Species of the order Prymnesiales, especially Prymnesium polylepis, are known to produce harmful blooms [12], [34], [35], with severe impacts on plankton [5], although the toxic effects of these blooms may depend on various abiotic factors [32]. The bloom of the alternate type of P. polylepis that occurred in December 2007–May 2008 with maximal observed densities of ∼4×106 cells L−1 [2] was relatively small compared to other described blooms of this species, particularly, the extensive toxic bloom in 1988 in the Kattegat-Skagerrak area, where the densities exceeded 70×106 cells L−1 [5], [10]. Nevertheless, the Baltic Sea bloom could have induced adverse food web effects, because toxicity and population density in P. polylepis seem to be uncoupled [30], similar to the closely related P. parvum [36]. Supporting these expectations, reproduction problems were recently reported in breeding eiders, i.e. higher consumers of the Baltic food web, and linked to the bloom [37]. In the latter study, spatial distribution of P. polylepis in 2008 closely matched the observed distribution of non-breeding female eiders. The authors suggested that through either toxic or non-toxic pathways, feeding on P. polylepis affected local populations of blue mussels, the main benthic food of eiders, and, subsequently, the body condition of adult female eiders and their breeding propensity. It was also suggested that breeding eiders can be significantly affected by species interactions at low trophic levels (i.e., plankton) caused by the bloom; however, our results do not support these speculations.

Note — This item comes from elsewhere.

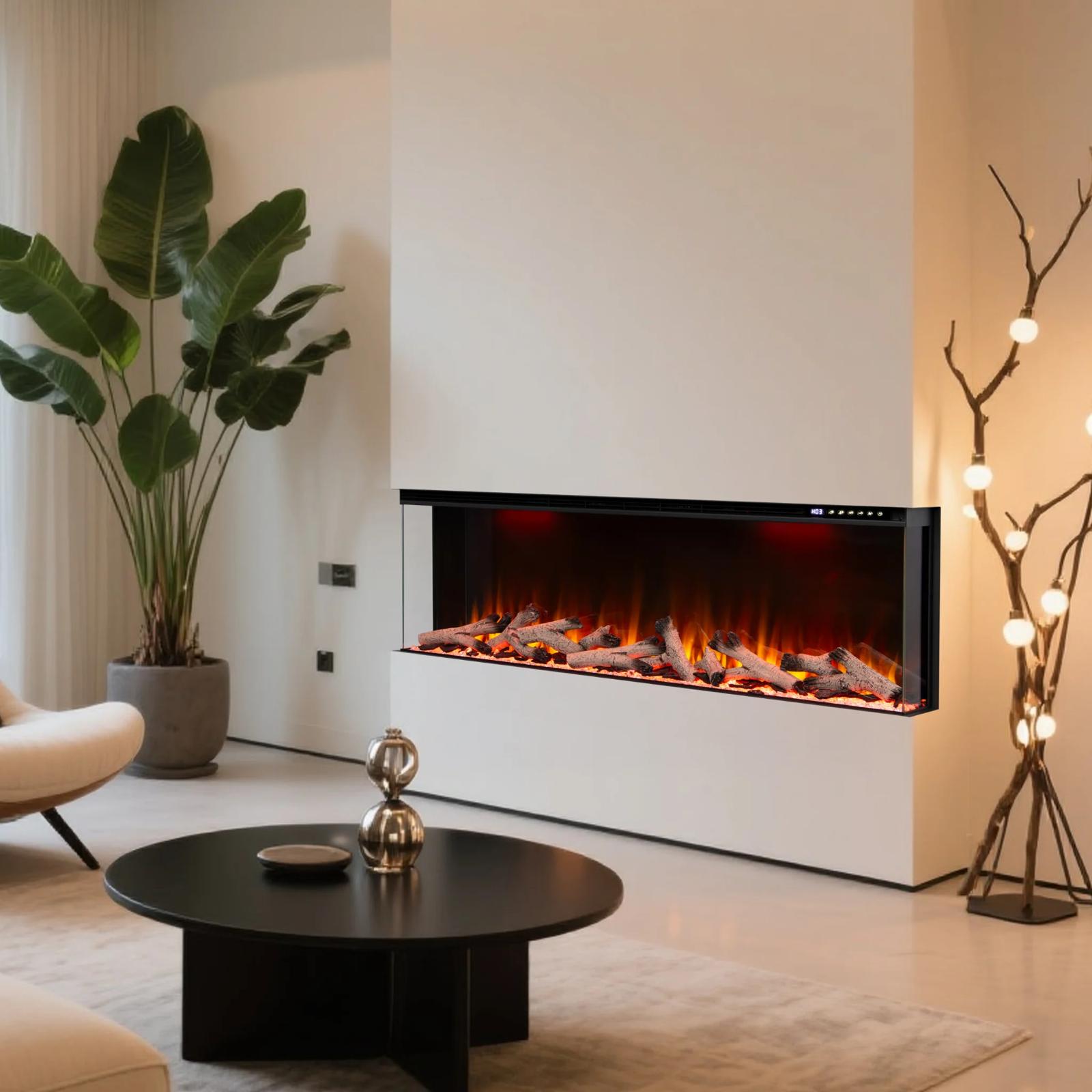 Elevate your home ambiance with the Maison 3-Sided LED Electric Media Wall Fireplace. Offering Wi-Fi Smart App control, versatile installation choices, and captivating LED flames, this fireplace perfectly blends sleek design with advanced technology, making it an essential statement piece for any contemporary living area.
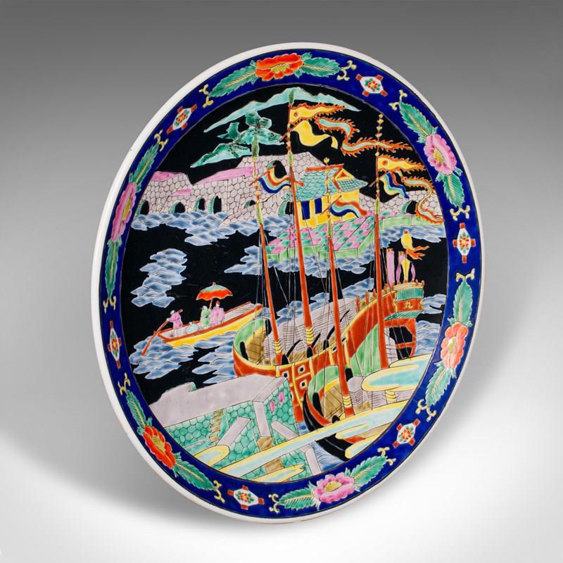 Large Vintage Imari Plate, Japanese, Ceramic Decorative Charger, Art Deco, 1930

Contrary to the hypothesized overall negative effects of P. polylepis on phytoplankton assemblages, the yearly means of total phytoplankton biomass were significantly higher in 2008 than in 2007 (even when P. polylepis was excluded); this holds true both in the south and in the north. Spring stocks of the total phytoplankton, Prymnesiales and diatoms were significantly higher in 2008 than in 2007, while those of dinoflagellates were generally lower (Table 1; Figure 3). Moreover, they were significantly lower than their long-term mean in the open sea area of the northern Baltic proper (Landsort Deep; Figure 4). In the Baltic Sea, spring peak of diatoms is usually followed by that of dinoflagellates [38], and, apparently, in 2008 the Prymnesiales populations successfully competed with the dinoflagellates, resulting in a lower biomass of the latter. Many Prymnesiales are mixotrophs, feeding on bacteria and small algae when nutrients and light levels are low, and, thus effectively compete with other algae [33], [39], [40]. The balance between photosynthesis and phagotrophy appears to be influenced by environmental factors [33], [41]. Indeed, in the northern Baltic Sea proper, biomass of P. polylepis was high already in winter, when light availability was extremely low, suggesting phagotrophic nutrition of the dominating alternate type of P. polylepis. Moreover, a closely related species, P. parvum, has been reported to directly utilize dissolved organic matter (osmotrophy) [42]. The ability to switch between the autotrophic, heterotrophic and osmotrophic nutrient acquisition modes might be one of the reasons why P. polylepis successfully maintained population during the winter months reaching high abundances (>106 cells L−1) in late spring in the stratified, nutrient depleted conditions. The reported negative effects of dissolved inorganic nitrogen on Prymnesiales [43] support the probable independence of the nitrogen availability and the notion that the latter may have positive effects on competition with autotrophs. Regardless of the ecological mechanisms, our findings suggest that environmental conditions prevailing during the study period were favourable for phytoplankton development, especially in spring 2008, and increase in primary producers cascaded up to higher trophic levels stimulating secondary production.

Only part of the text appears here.